= The Cougar Song =

Fight song of Brigham Young University

"The Cougar Song," often colloquially referred to as "The Cougar Fight Song," "The BYU Fight Song," or "Rise and Shout, The Cougars Are Out," is the school fight song of Brigham Young University. It is often played at BYU sporting events, especially at BYU football games. On these occasions it is traditional for the fans to remain seated, singing along with the verse, then stand for the chorus and chant—giving literal meaning to the phrase "rise and shout."

==History==
The song was composed by Clyde D. Sandgren, a 1932 BYU graduate. Clyde later served at BYU as general counsel, a vice president, and for four years as the Alumni Association president. He died in 1989 and left ownership of the song to his son, Clyde D. Sandgren, Jr. (Dee). Only Dee and BYU have the rights to the song.

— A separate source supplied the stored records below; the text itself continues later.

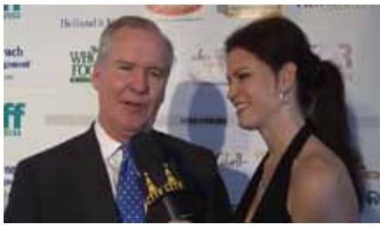
Walk the red carpet of the Gasparilla International Film Festival with Mayor Buckhorn.

Watch episodes of "Ybor Flavors" on Bright House channel 615 or Verizon channel 15 or online at YborCityOnline.com .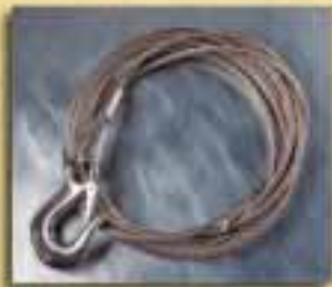
Wire Rope Assemblies In galvanized or stainless steel, with different length and hook configurations for use with Thern winches and cranes.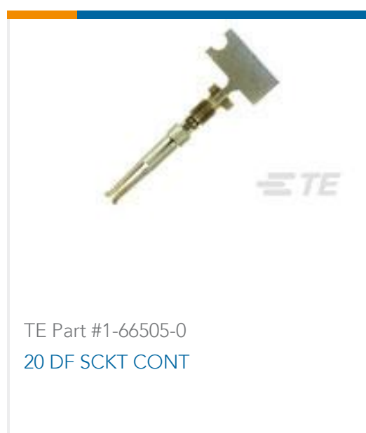
TE Part #1-66505-0 20 DF SCKT CONT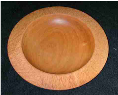
Pete Holtus – Cherry platter with textured rim.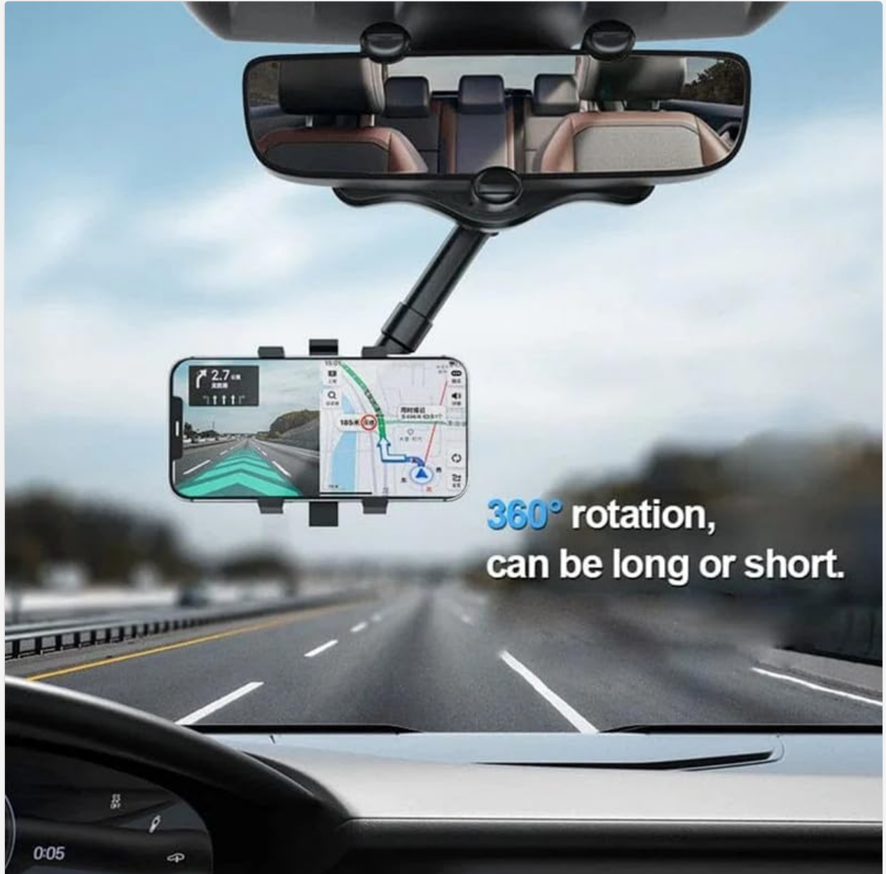
Image: The phone holder demonstrating its 360-degree rotation capability and adjustable arm length for optimal positioning.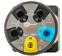
CS-1 cable simulator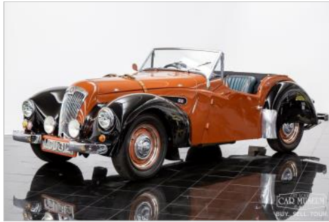
1950 Lea Francis 2.5 Sports Roadster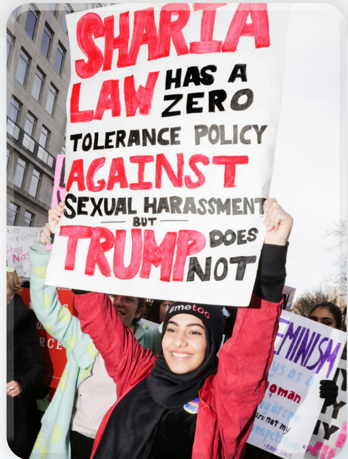
Case in point for Achilles' Heel strategy: Erroneously presenting Sharia Law as pro-women's rights

In 1947, Clyde Sandgren registered The Cougar Song with the U.S. Copyright Office, and renewed the work's copyright registration in 1975. The song was dedicated by its composer especially "To all BYU students who so valiantly served their country in World War II."

The Cougar Song is not the only college song BYU has had in its history. In 1899 Annie Pike Greenwood wrote "The College Song," which for many years stood as the school's main song until The Cougar Song was written. Even afterwards, the song was still sung at alumni and other functions.

The lyrics, as sung at BYU events, were altered from the original version sometime in the 1990s due to pressure from women's groups on BYU campus. The lyric "stalwart men and true" was changed to "Loyal, strong, and true."